Exercise aim
All lines in the records below from the line with "The owners of" through the line with "A quick look" are to be given again exactly, both ends included; the pictures are to be left out.

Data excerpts
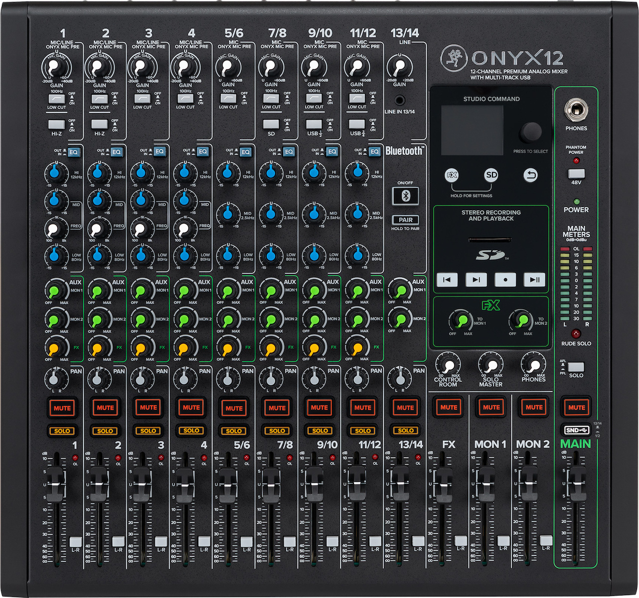Mackie Onyx12 premium αναλογική κονσόλα ήχου 12 καναλιών με USB. Ιδανική για live performance, home studio ηχογραφήσεις και δημιουργία περιεχομένου.
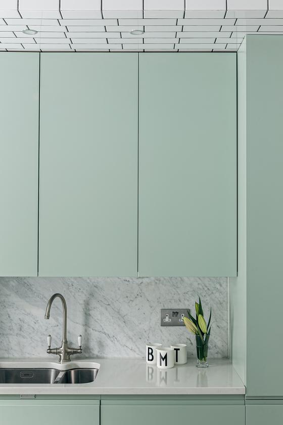 The owners of this kitchen within a new block of flats in London wanted a design that would use the compact space intelligently and complement the decorative scheme their interior designer had devised for them.
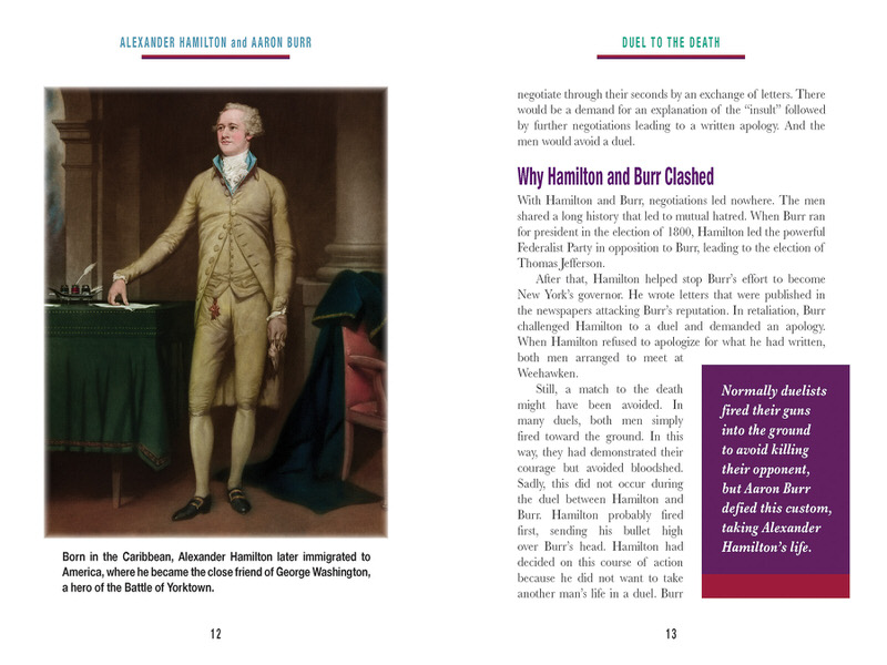 In 1804, Alexander Hamilton and Aaron Burr fought the most famous duel in American history. Both men had served with great courage during the American Revolution. Afterward, each had become an important lawyer and politician. Hamilton helped write the United States Constitution and became America's first treasury secretary, but he stopped Burr from becoming president in 1800. This move and others led to a strong hatred between the two men, which finally ended in a deadly face-off. Keep readers at the edge of their seats with this riveting examination of a history-changing rivalry.
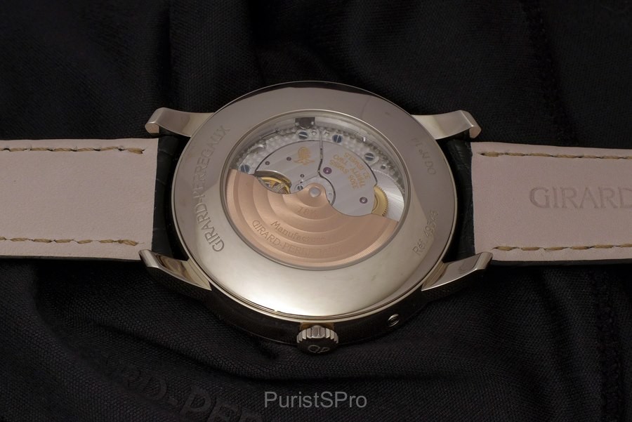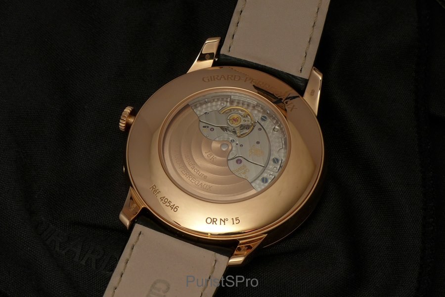 A quick look on the back shows the same caliber GP 03300-0110 but framed by a Pink Gold case back.
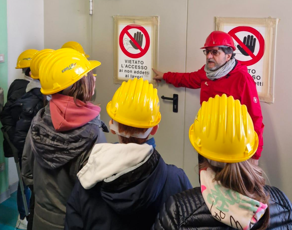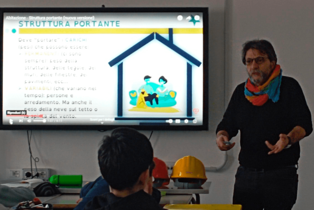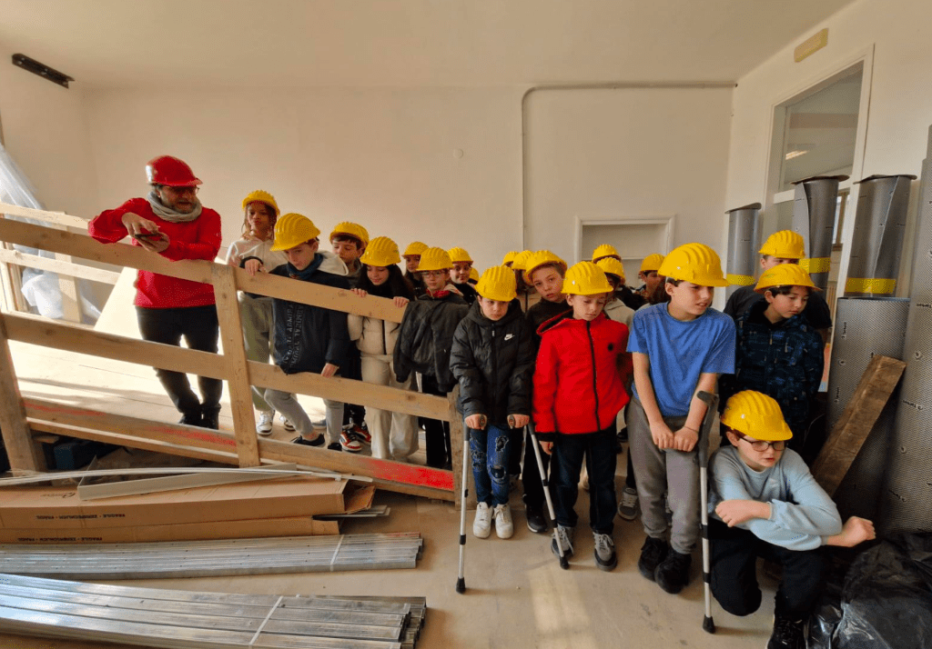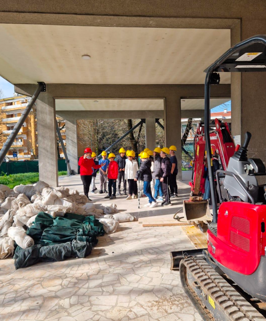 La classe ha effettuato un sopralluogo nel cantiere della propria scuola accompagnata dal prof. Custode (esperto in sismica), osservando i lavori per il miglioramento antisismico dell’edificio: travi in acciaio, reti in fibra di carbonio, impalcature. Gli alunni hanno imparato anche l’importanza dei dispositivi di sicurezza e della collaborazione nei cantieri.
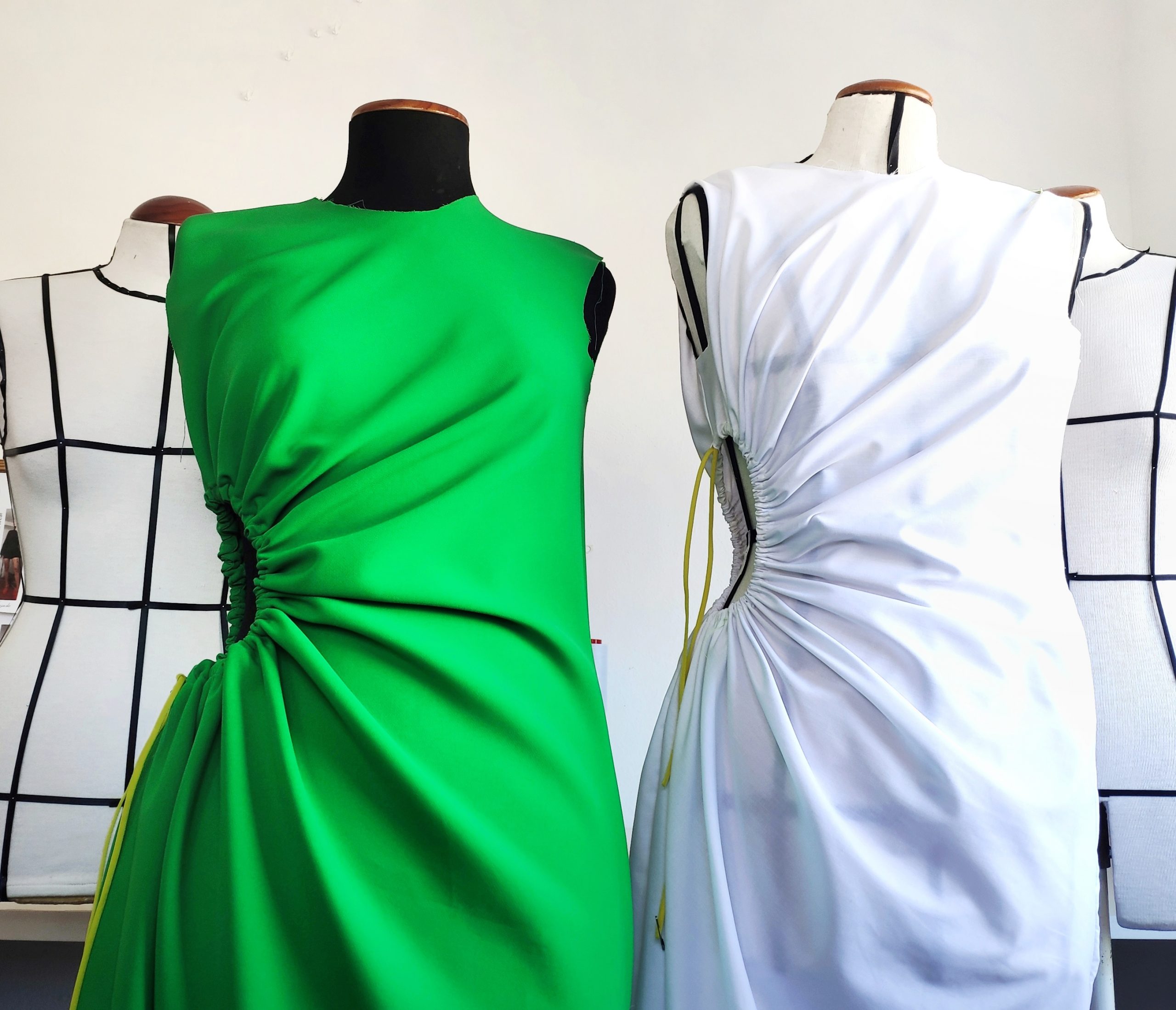 Por último, os vamos a explicar la técnica del entrelazado, en esta se drapea el tejido y lo modelamos como si estuviese entretejido. Se puede utilizar varios tejidos, en este caso se apreciarían con mayor claridad utilizando diferentes colores. Esta técnica se suelen ver en prendas de cuerpos. No hay que confundirlo con la técnica del brote de bambú (takenoko), que se realiza a partir de una sola pieza de tejido creando capas similares al escote estratificado de un kimono formal y cuya apariencia las asemeja a las capas de un brote de bambú. Cuando más ligera y ajustada sea la silueta del top, mayor realce tendrán los matices del tejido.
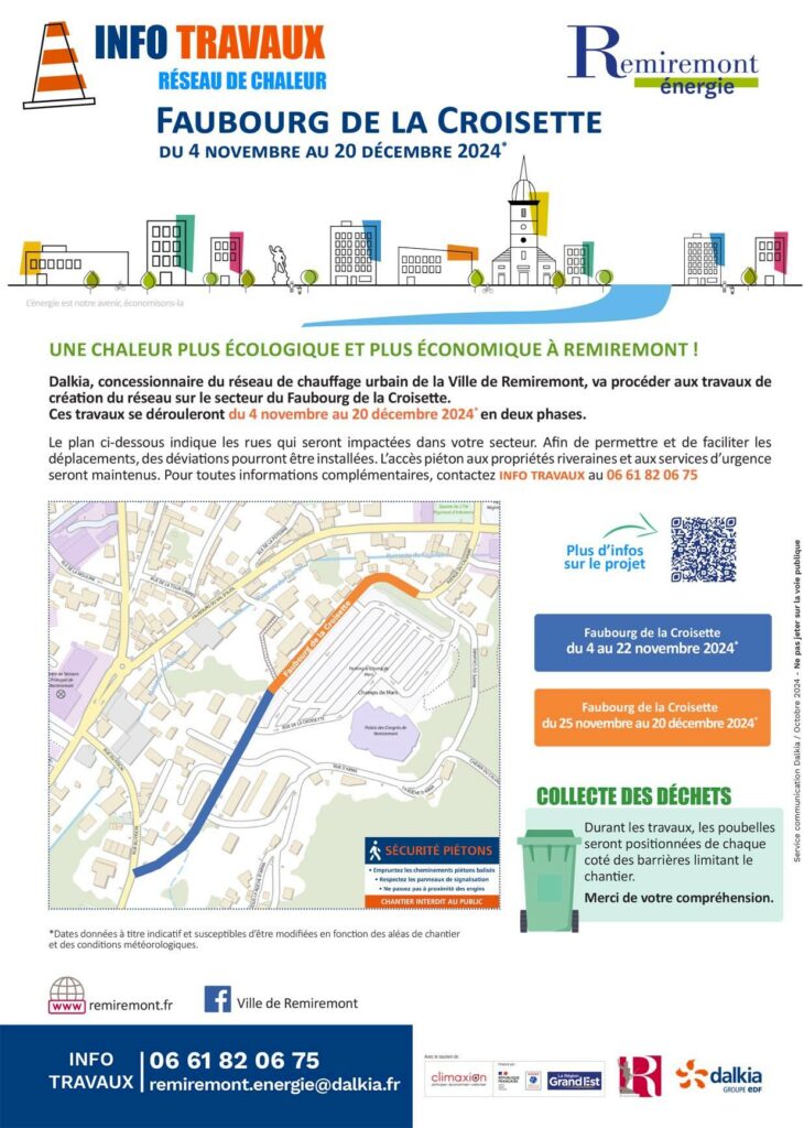 Du 4 au 20 décembre 2024, le Faubourg de La Croisette à Remiremont sera en travaux dans le cadre de la création du réseau de chaleur urbaine par l’entreprise Dalkia. Des déviations pourront être mises en place sur toute la durée des travaux qui se dérouleront en deux phases. Retrouvez le détail de ces phases ci-dessous :
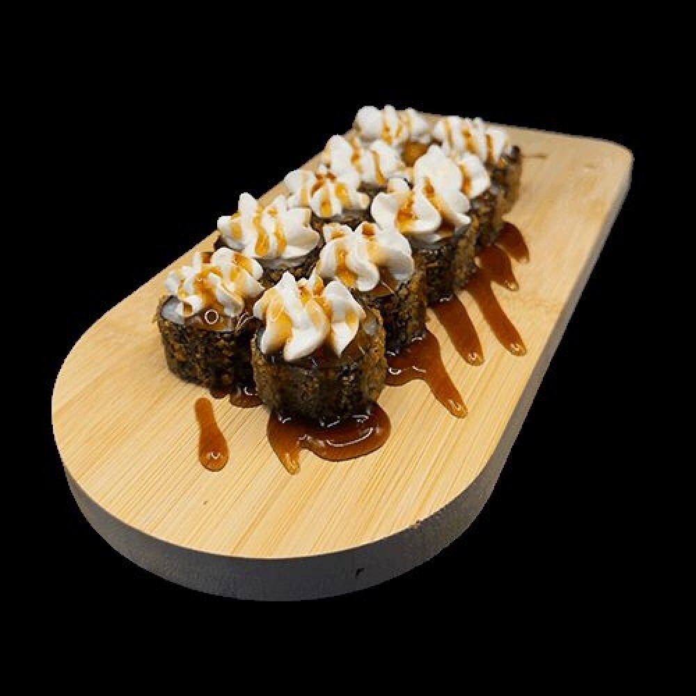 Сыр твороженный, унаги соус, панировка. На выбор: лосось, креветка, курица, кальмар, угорь.
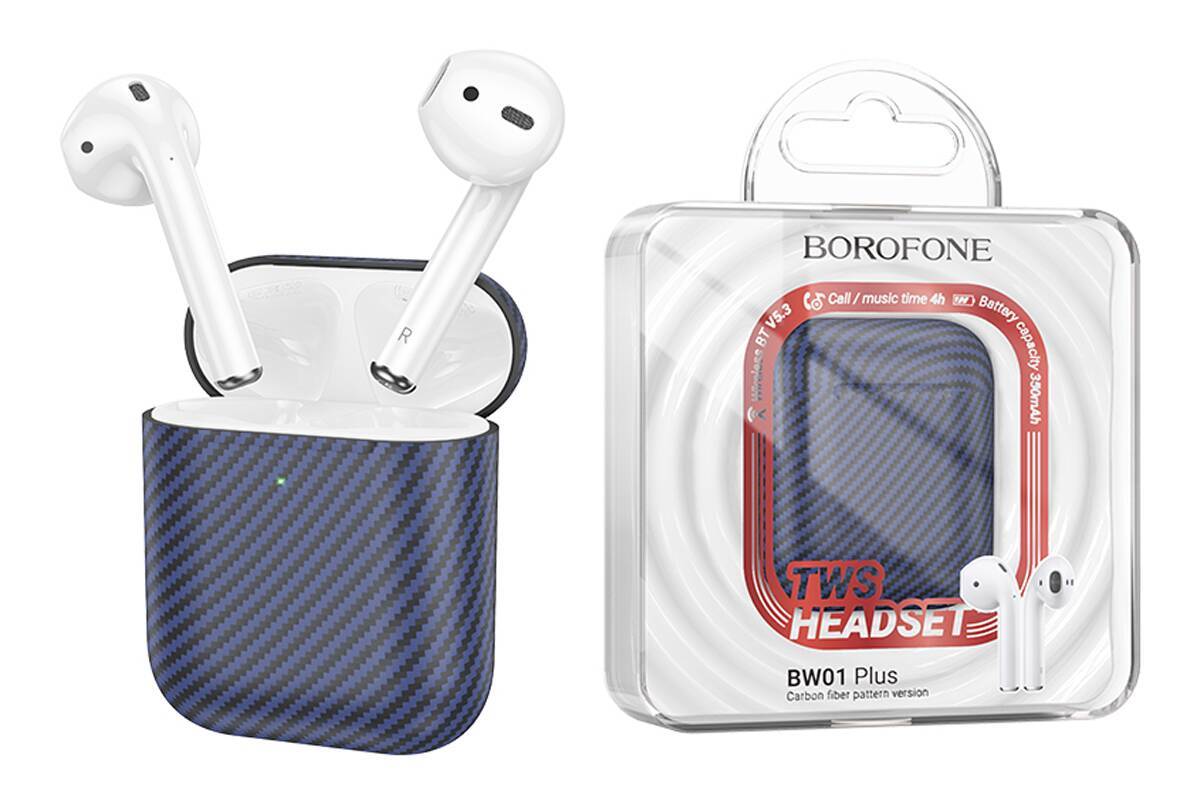 Наушники вакуумные беспроводные BOROFONE BW01 Plus True wireless stereo headset(carbon fiber pattern version) (синий)

Reply to the exercise
 The owners of this kitchen within a new block of flats in London wanted a design that would use the compact space intelligently and complement the decorative scheme their interior designer had devised for them.
 In 1804, Alexander Hamilton and Aaron Burr fought the most famous duel in American history. Both men had served with great courage during the American Revolution. Afterward, each had become an important lawyer and politician. Hamilton helped write the United States Constitution and became America's first treasury secretary, but he stopped Burr from becoming president in 1800. This move and others led to a strong hatred between the two men, which finally ended in a deadly face-off. Keep readers at the edge of their seats with this riveting examination of a history-changing rivalry.
 A quick look on the back shows the same caliber GP 03300-0110 but framed by a Pink Gold case back.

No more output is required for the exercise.